▸ BRIEF
Every record below needs to be written out exactly, apart from the pictures.
Start of RECORDS FOR THE TASK
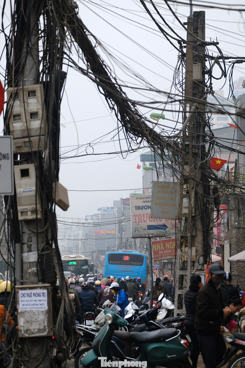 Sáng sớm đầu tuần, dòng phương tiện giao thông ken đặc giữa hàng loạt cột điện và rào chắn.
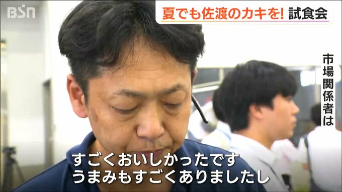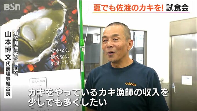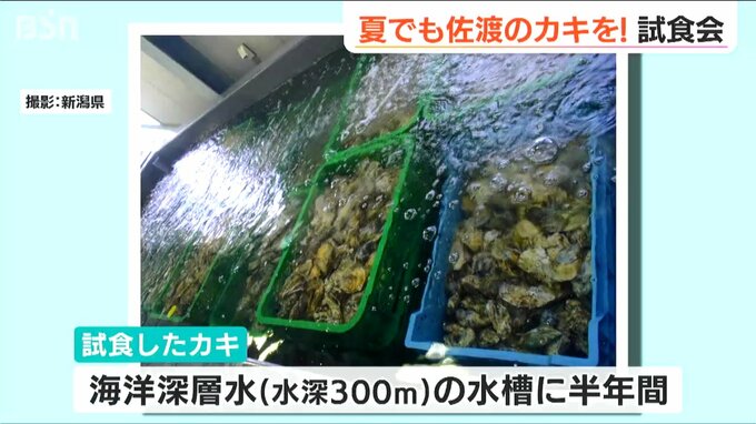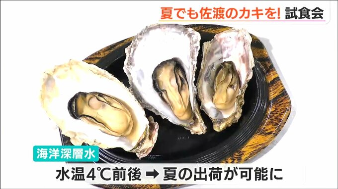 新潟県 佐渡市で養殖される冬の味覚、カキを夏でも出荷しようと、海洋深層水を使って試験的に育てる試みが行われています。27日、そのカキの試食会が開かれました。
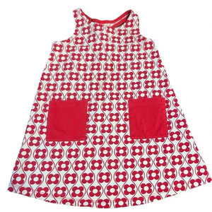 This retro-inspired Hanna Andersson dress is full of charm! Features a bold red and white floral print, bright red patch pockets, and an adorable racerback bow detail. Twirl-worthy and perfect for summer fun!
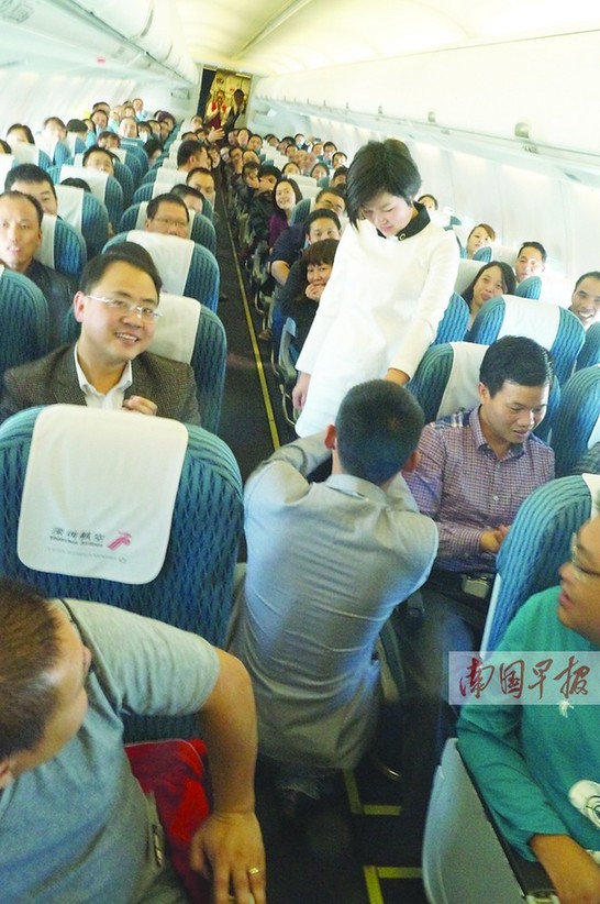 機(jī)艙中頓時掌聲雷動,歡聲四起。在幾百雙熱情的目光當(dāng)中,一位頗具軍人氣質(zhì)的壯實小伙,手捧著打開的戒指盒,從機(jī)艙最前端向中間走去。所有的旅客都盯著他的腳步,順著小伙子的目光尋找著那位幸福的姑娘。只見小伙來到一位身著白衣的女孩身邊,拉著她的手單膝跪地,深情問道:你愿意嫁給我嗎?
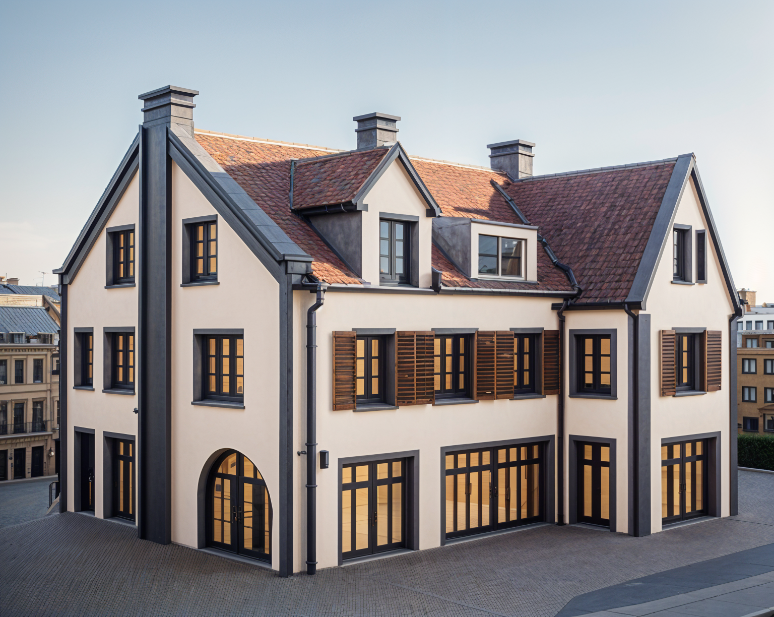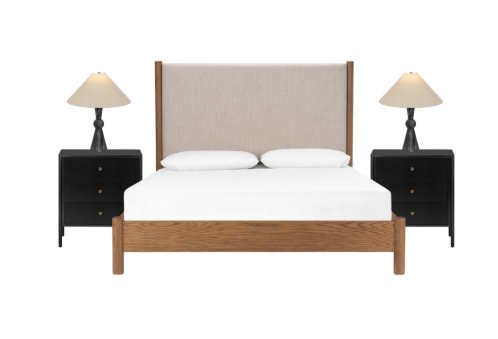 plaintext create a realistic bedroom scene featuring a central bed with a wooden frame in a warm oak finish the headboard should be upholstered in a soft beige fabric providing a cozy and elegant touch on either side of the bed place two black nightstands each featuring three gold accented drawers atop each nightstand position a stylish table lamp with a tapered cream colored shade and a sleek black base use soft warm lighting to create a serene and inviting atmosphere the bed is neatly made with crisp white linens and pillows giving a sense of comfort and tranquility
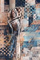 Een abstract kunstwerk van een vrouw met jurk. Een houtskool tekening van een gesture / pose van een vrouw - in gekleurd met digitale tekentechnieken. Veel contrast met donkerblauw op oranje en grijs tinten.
End of RECORDS FOR THE TASK
▸ RESPONSE
 Sáng sớm đầu tuần, dòng phương tiện giao thông ken đặc giữa hàng loạt cột điện và rào chắn.
 新潟県 佐渡市で養殖される冬の味覚、カキを夏でも出荷しようと、海洋深層水を使って試験的に育てる試みが行われています。27日、そのカキの試食会が開かれました。
 This retro-inspired Hanna Andersson dress is full of charm! Features a bold red and white floral print, bright red patch pockets, and an adorable racerback bow detail. Twirl-worthy and perfect for summer fun!
 機(jī)艙中頓時掌聲雷動,歡聲四起。在幾百雙熱情的目光當(dāng)中,一位頗具軍人氣質(zhì)的壯實小伙,手捧著打開的戒指盒,從機(jī)艙最前端向中間走去。所有的旅客都盯著他的腳步,順著小伙子的目光尋找著那位幸福的姑娘。只見小伙來到一位身著白衣的女孩身邊,拉著她的手單膝跪地,深情問道:你愿意嫁給我嗎?
 plaintext create a realistic bedroom scene featuring a central bed with a wooden frame in a warm oak finish the headboard should be upholstered in a soft beige fabric providing a cozy and elegant touch on either side of the bed place two black nightstands each featuring three gold accented drawers atop each nightstand position a stylish table lamp with a tapered cream colored shade and a sleek black base use soft warm lighting to create a serene and inviting atmosphere the bed is neatly made with crisp white linens and pillows giving a sense of comfort and tranquility
 Een abstract kunstwerk van een vrouw met jurk. Een houtskool tekening van een gesture / pose van een vrouw - in gekleurd met digitale tekentechnieken. Veel contrast met donkerblauw op oranje en grijs tinten.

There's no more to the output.